Riesz means of Fourier series and integrals: Strong summability at the critical index

TL;DR

This paper investigates the strong summability of spherical Riesz means of Fourier series at critical indices, establishing sharp positive results for functions in various function spaces and extending to maximal operators on Hardy spaces.

Contribution

It provides new sharp results on strong summability of Riesz means at critical indices, including endpoint bounds on maximal operators for Hardy spaces.

Findings

Almost everywhere convergence may fail at the critical index for certain functions.

Established almost sharp theorems on strong summability for functions in L^p spaces.

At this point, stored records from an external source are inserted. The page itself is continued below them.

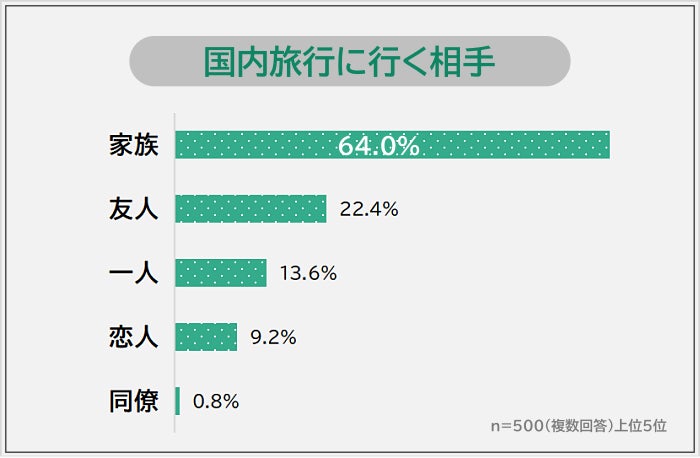 国内旅行に行く相手は、「家族」が全体の6割以上を占めました。「夫婦二人」や「配偶者と子ども」など、結婚後の家族との旅行が多かったものの、「実家の家族(母親や姉妹)」という人も少なくありませんでした。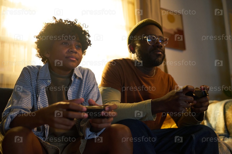 Афроамериканский отец и сын играют в видеоигры вместе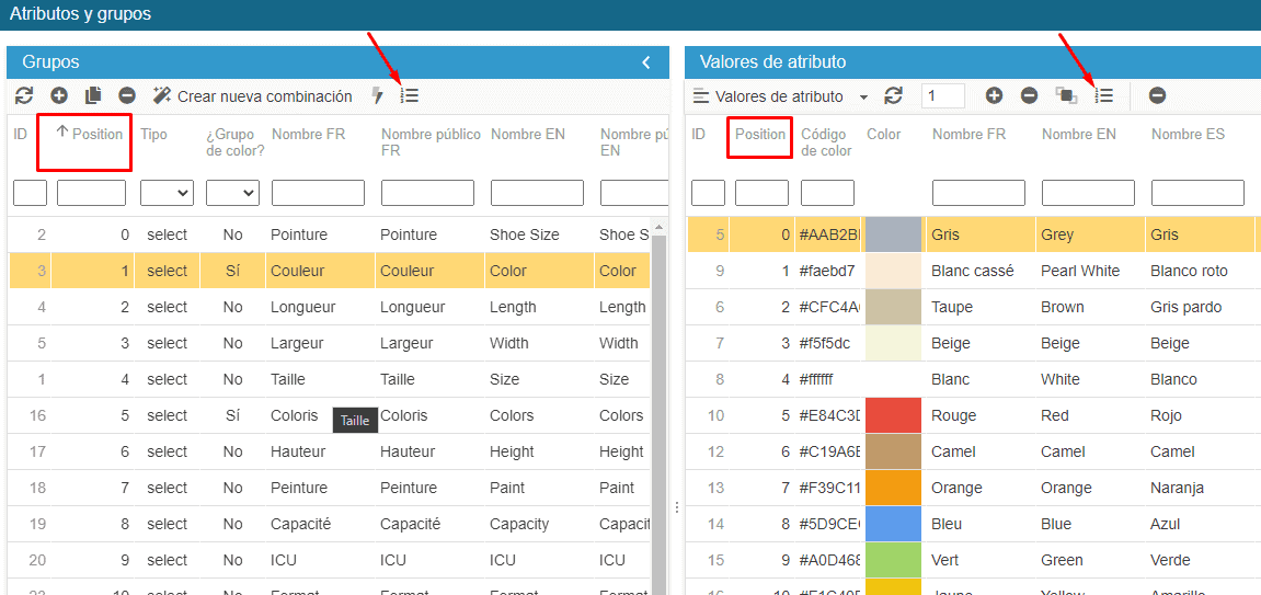 Una columna "Posición" se muestra igualmente para permitir modificar el orden de visualización de los grupos y de los atributos sin tener que aplicar este orden en el front office.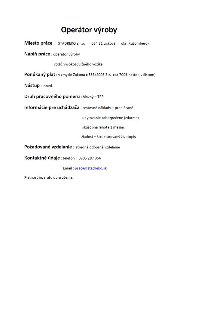Operátor výroby. Viac info tu.

Derived endpoint bounds for maximal operators on Hardy spaces.

Abstract

We consider spherical Riesz means of multiple Fourier series and some generalizations. While almost everywhere convergence of Riesz means at the critical index $(d-1)/2$ may fail for functions in the Hardy space $h^1(\mathbb T^d)$, we prove sharp positive results for strong summability almost everywhere. For functions in $L^p(\mathbb T^d)$, $1<p<2$, we consider Riesz means at the critical index $d(1/p-1/2)-1/2$ and prove an almost sharp theorem on strong summability. The results follow via transference from corresponding results for Fourier integrals. We include an endpoint bound on maximal operators associated with generalized Riesz means on Hardy spaces $H^p(\mathbb R^d)$ for $0<p<1$.